Grimscribe: His Lives and Works
- First edition (US)
- Author: Thomas Ligotti
- Language: English
- Genre: Horror fiction, Weird fiction, Speculative fiction
- Publisher: Carroll & Graf (US) Robinson (UK)
- Publication date: 1991
- Publication place: United States
- Media type: Print
- Pages: 214
- ISBN: 978-0881847390

= Grimscribe: His Lives and Works =

1991 short stories by Thomas Ligotti

Grimscribe: His Lives and Works is a 1991 collection of short stories in the horror genre by American author Thomas Ligotti. The book was Ligotti's second short story collection to be published, following Songs of a Dead Dreamer. In 2015, Penguin Classics republished Songs of a Dead Dreamer and Grimscribe together in one volume, making Ligotti one of just 10 living authors to be published by the imprint.

==Critical reception==
In his foreword to the Penguin Classics edition, fellow weird fiction writer Jeff VanderMeer called the collection "the work of one of our greatest dark imaginations," saying that “Grimscribe was, at the time of publication, seen by some as a typical second book, as if Ligotti had taken a step back in quality. Over time, however, readers and critics have recognized that the collection is, if anything, richer, more focused, and more mature than Songs.”

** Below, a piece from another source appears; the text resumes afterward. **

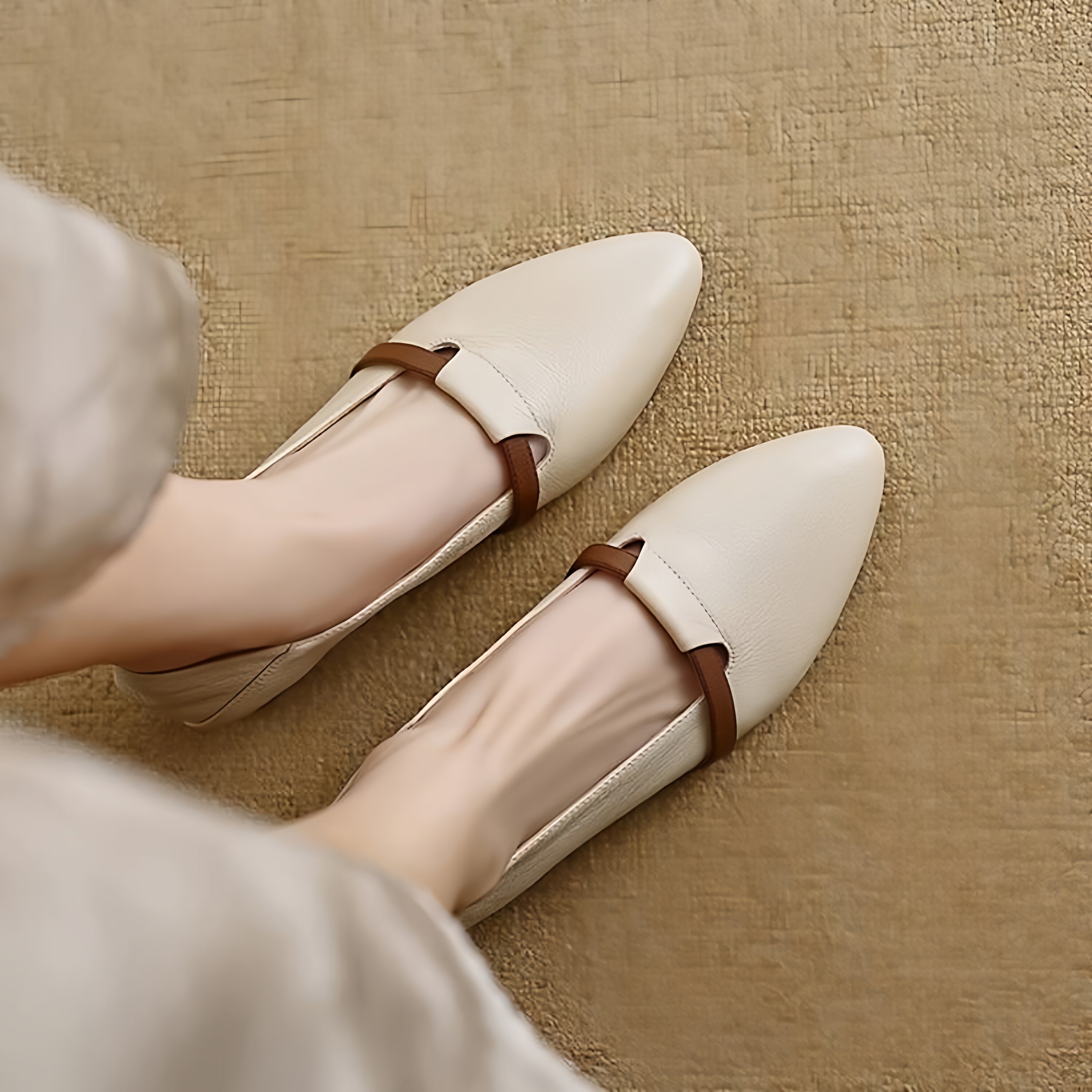 拼色软底尖头小皮鞋 女2025年春秋新款 女 真软皮低跟单鞋 品牌断码

In his review for The Guardian, Scott Bradfield said that Ligotti's stories, "like those of Poe and Nabokov, the cruel, brilliant, manipulative writers he most resembles – are absorbingly constructed little works of art."

==Contents==
1. The Voice of the Damned
- "The Last Feast of Harlequin"
- "The Spectacles in the Drawer"
- "Flowers of the Abyss"
- "Nethescurial"

2. The Voice of the Demon
- "The Dreaming in Nortown"
- "The Mystics of Muelenburg"
- "In the Shadow of Another World"
- "The Cocoons"

3. The Voice of the Dreamer
- "The Night School"
- "The Glamour"

4. The Voice of the Child
- "The Library of Byzantium"
- "Miss Plarr"

5. The Voice of Our Name
- "The Shadow at the Bottom of the World"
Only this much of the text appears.